Records drawn from a dataset:
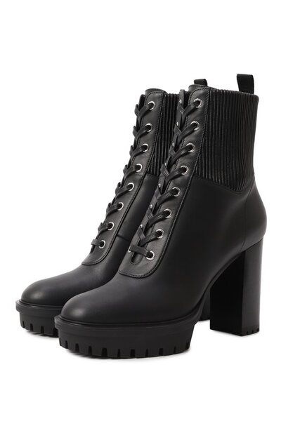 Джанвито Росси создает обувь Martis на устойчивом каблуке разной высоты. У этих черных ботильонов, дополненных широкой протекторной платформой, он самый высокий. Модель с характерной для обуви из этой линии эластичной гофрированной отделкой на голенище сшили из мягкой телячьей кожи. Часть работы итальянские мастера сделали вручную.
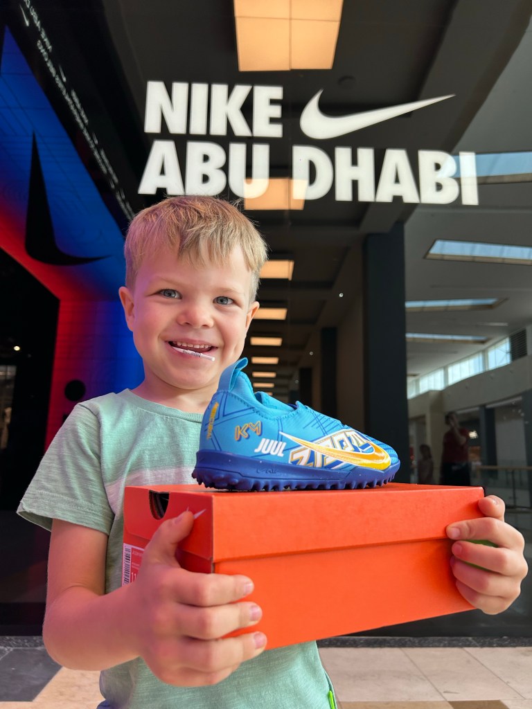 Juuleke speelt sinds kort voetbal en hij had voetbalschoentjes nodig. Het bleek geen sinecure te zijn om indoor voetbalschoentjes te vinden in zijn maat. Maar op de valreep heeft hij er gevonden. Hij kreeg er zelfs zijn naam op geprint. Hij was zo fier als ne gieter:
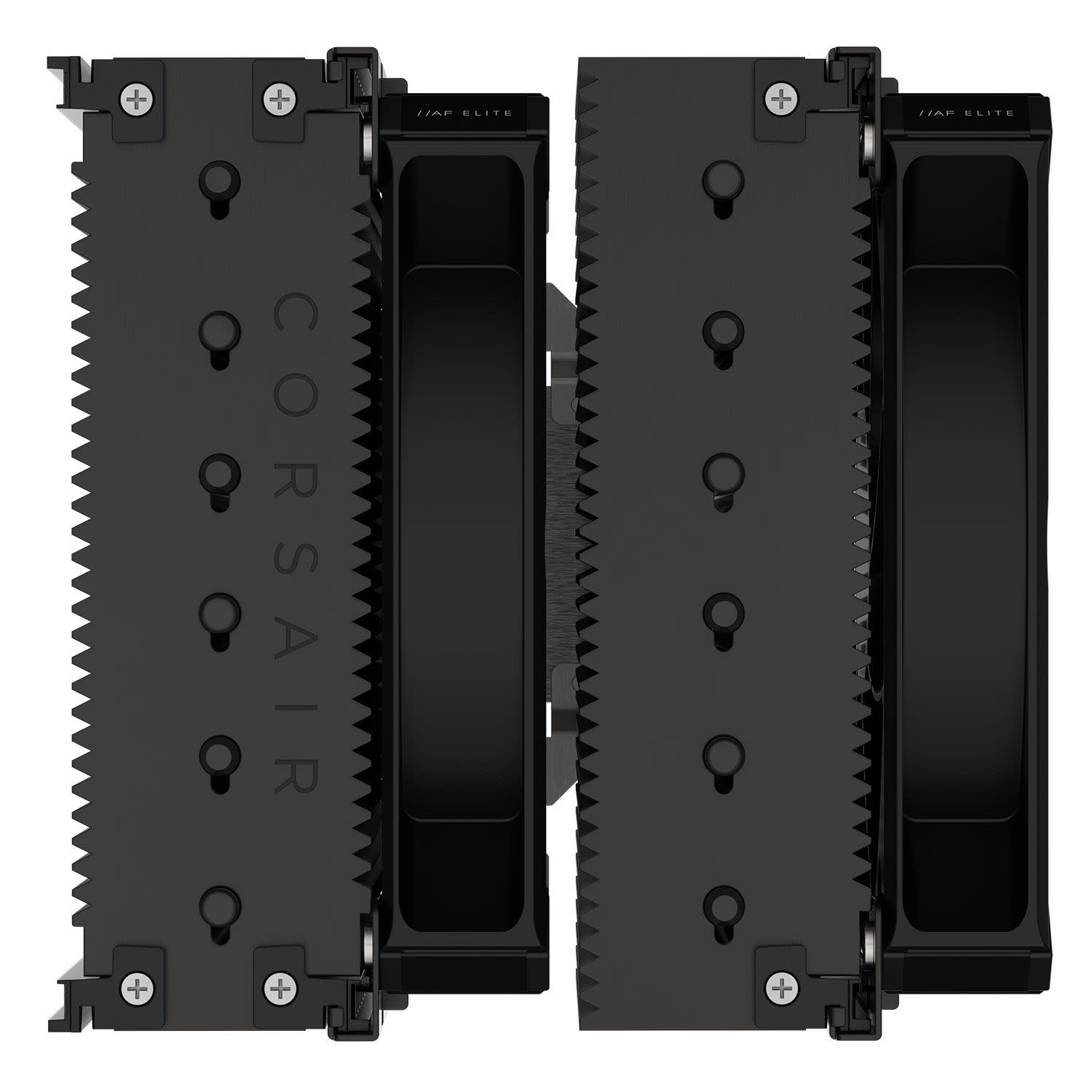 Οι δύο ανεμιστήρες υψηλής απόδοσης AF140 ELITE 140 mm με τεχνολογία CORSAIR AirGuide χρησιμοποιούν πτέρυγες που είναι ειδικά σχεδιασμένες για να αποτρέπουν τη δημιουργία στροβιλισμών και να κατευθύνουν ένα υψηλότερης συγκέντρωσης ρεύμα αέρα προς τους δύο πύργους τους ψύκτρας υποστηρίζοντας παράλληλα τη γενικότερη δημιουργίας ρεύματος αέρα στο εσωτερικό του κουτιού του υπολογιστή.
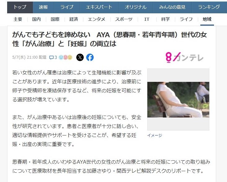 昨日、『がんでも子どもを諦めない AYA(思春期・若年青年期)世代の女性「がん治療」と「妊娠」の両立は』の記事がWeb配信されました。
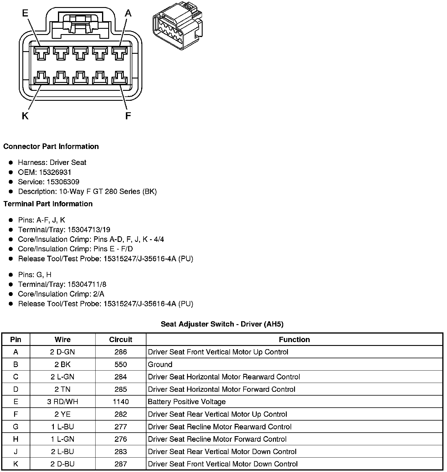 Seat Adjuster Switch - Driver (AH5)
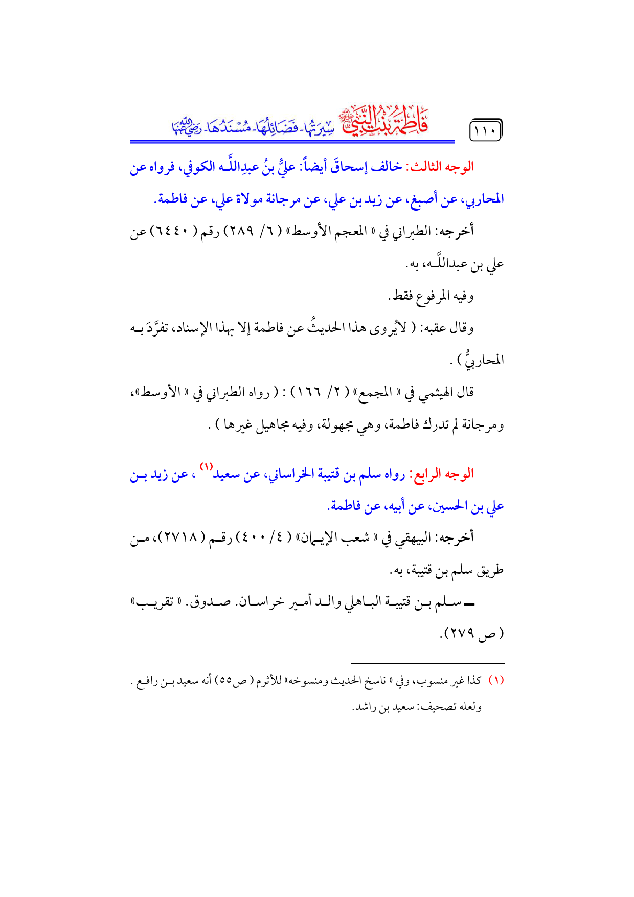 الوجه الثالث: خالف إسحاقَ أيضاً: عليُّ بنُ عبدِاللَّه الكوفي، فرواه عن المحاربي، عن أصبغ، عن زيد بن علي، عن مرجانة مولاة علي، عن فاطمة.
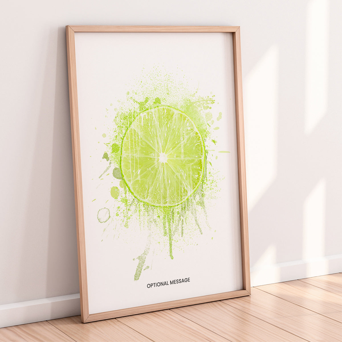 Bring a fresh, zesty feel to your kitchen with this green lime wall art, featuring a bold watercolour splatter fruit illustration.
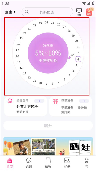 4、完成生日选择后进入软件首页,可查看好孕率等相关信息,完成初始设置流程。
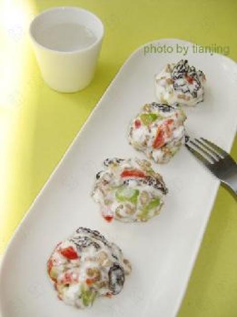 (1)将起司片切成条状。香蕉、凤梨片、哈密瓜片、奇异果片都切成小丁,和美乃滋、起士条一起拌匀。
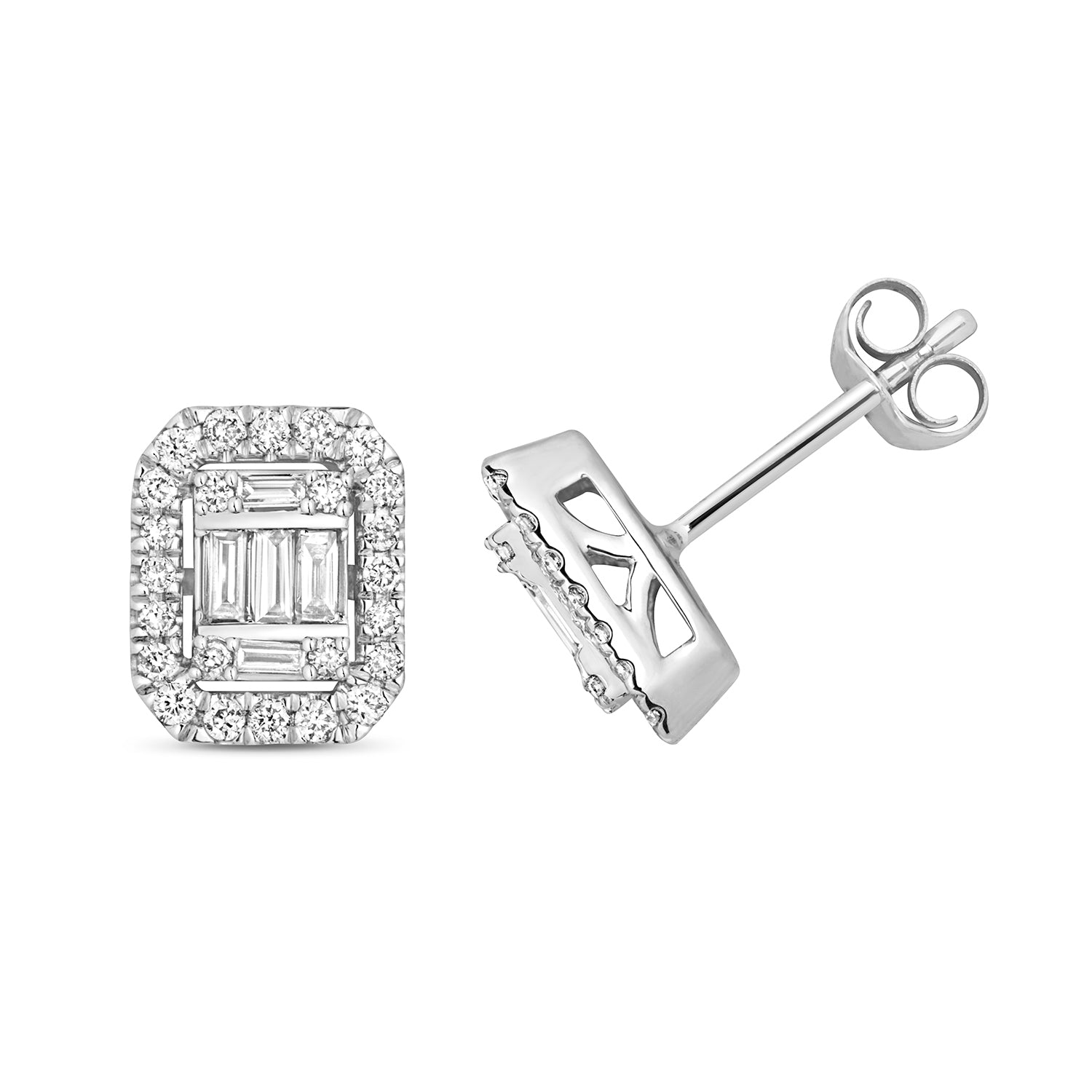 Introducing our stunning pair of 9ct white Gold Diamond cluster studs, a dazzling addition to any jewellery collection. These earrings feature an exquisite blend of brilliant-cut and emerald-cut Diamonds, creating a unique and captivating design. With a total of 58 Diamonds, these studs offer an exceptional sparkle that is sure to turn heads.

EXERCISE AIM:
Return the records verbatim, minus pictures.

YOUR RESPONSE:
 Джанвито Росси создает обувь Martis на устойчивом каблуке разной высоты. У этих черных ботильонов, дополненных широкой протекторной платформой, он самый высокий. Модель с характерной для обуви из этой линии эластичной гофрированной отделкой на голенище сшили из мягкой телячьей кожи. Часть работы итальянские мастера сделали вручную.
 Juuleke speelt sinds kort voetbal en hij had voetbalschoentjes nodig. Het bleek geen sinecure te zijn om indoor voetbalschoentjes te vinden in zijn maat. Maar op de valreep heeft hij er gevonden. Hij kreeg er zelfs zijn naam op geprint. Hij was zo fier als ne gieter:
 Οι δύο ανεμιστήρες υψηλής απόδοσης AF140 ELITE 140 mm με τεχνολογία CORSAIR AirGuide χρησιμοποιούν πτέρυγες που είναι ειδικά σχεδιασμένες για να αποτρέπουν τη δημιουργία στροβιλισμών και να κατευθύνουν ένα υψηλότερης συγκέντρωσης ρεύμα αέρα προς τους δύο πύργους τους ψύκτρας υποστηρίζοντας παράλληλα τη γενικότερη δημιουργίας ρεύματος αέρα στο εσωτερικό του κουτιού του υπολογιστή.
 昨日、『がんでも子どもを諦めない AYA(思春期・若年青年期)世代の女性「がん治療」と「妊娠」の両立は』の記事がWeb配信されました。
 Seat Adjuster Switch - Driver (AH5)
 الوجه الثالث: خالف إسحاقَ أيضاً: عليُّ بنُ عبدِاللَّه الكوفي، فرواه عن المحاربي، عن أصبغ، عن زيد بن علي، عن مرجانة مولاة علي، عن فاطمة.
 Bring a fresh, zesty feel to your kitchen with this green lime wall art, featuring a bold watercolour splatter fruit illustration.
 4、完成生日选择后进入软件首页,可查看好孕率等相关信息,完成初始设置流程。
 (1)将起司片切成条状。香蕉、凤梨片、哈密瓜片、奇异果片都切成小丁,和美乃滋、起士条一起拌匀。
 Introducing our stunning pair of 9ct white Gold Diamond cluster studs, a dazzling addition to any jewellery collection. These earrings feature an exquisite blend of brilliant-cut and emerald-cut Diamonds, creating a unique and captivating design. With a total of 58 Diamonds, these studs offer an exceptional sparkle that is sure to turn heads.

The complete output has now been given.